A word on the advantages of a good compelling storytelling framework for your chatbot
You would be remiss if I do not take advantage of the basic blocks of a chatbot to introduce yourself into a simple but functional overview of storytelling and learning. After all, for an education content creator —and for many reasons a marketing content creator as well— chatbots are a fascinating challenge in interactive storytelling.
Gone are the “Choose Your Own Adventure” days. In the age of personalization as a promise yet to be fully satisfied, a true digital interaction designer cannot possibly be content with a click-through game that “branches out” after the learner clicks on either A, B or C.
We might have been primed by decades of pop culture, but the reality is that a growing majority of humans is ready to establish direct, real, deep and ongoing interactions with artificial beings. Life is full of small hassles. It just doesn’t feel right that at the other end of the line there is a human completing menial work for us. And for those in the space of learning technologies, few things deserve our concern more than bringing the rest of the world into the opportunities and wealth that Industry 4.0 have to offer, using the most powerful mechanis to our avail: Storytelling.
Resources to take things further
An AI Assistant for Moodle, soon in a window corner near you?

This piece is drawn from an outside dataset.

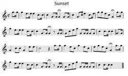 "Sunset", also known as the "Retreat Call", is a bugle call played in United Kingdom and British Commonwealth countries to signal the end of the official military day.[1] In common with all bugle calls, it consists only of notes from a single overtone series. This allows it to be playable on a bugle or equivalently on a trumpet without moving the valves.

Is the chatbot gaining a second wind for the Moodle LMS? After separate and short-winded attempts by Farhan Karmali and Catalyst IT’s Matt Porritt, finally someone at Moodle HQ is on the case. Lead Data Scientist David Monllao has added an issue on the Moodle Tracker: MDL-65767, “An AI Assistant for Moodle.” While many details are up for discussion (part of the purpose of the Tracker issue), it will most likely incorporate an open source NLU unit in Moodle, and will be connected to the Learning Analytics initiatives in which Monllao is involved. You can take a look at the tracker, or see detailed development progress at his GitHub, where you can also contribute.
Moodle forums dwellers weigh in
They have been for a while, actually.
A discussion started in July 2018 considers several aspects of an LMS chatbot, starting with the always healthy question “What for?” or “Why if there is already a better solution in place?” But skepticism is by no means the only valuable perspective or resource find on the conversation. Well worth a look and keep it going, as it will no doubt influence upcoming developments.
IntelliBoard’s Learning Intelligence Search Automation readies for 2.0
The top choice among analytics dashboards and Moodle Premium Integrator is about to debut LISA 2.0. Available only for “Level 5” premium IntelliBoard subscribers, it will expand on the quick generation of reports and charts from the dialog box, by suggesting reports users might be interested in, further incorporating support and self-guidance, and offering more detailed customization options. LISA and LISA 2.0 are available for Moodle, Instructure Canvas and Blackboard Learn.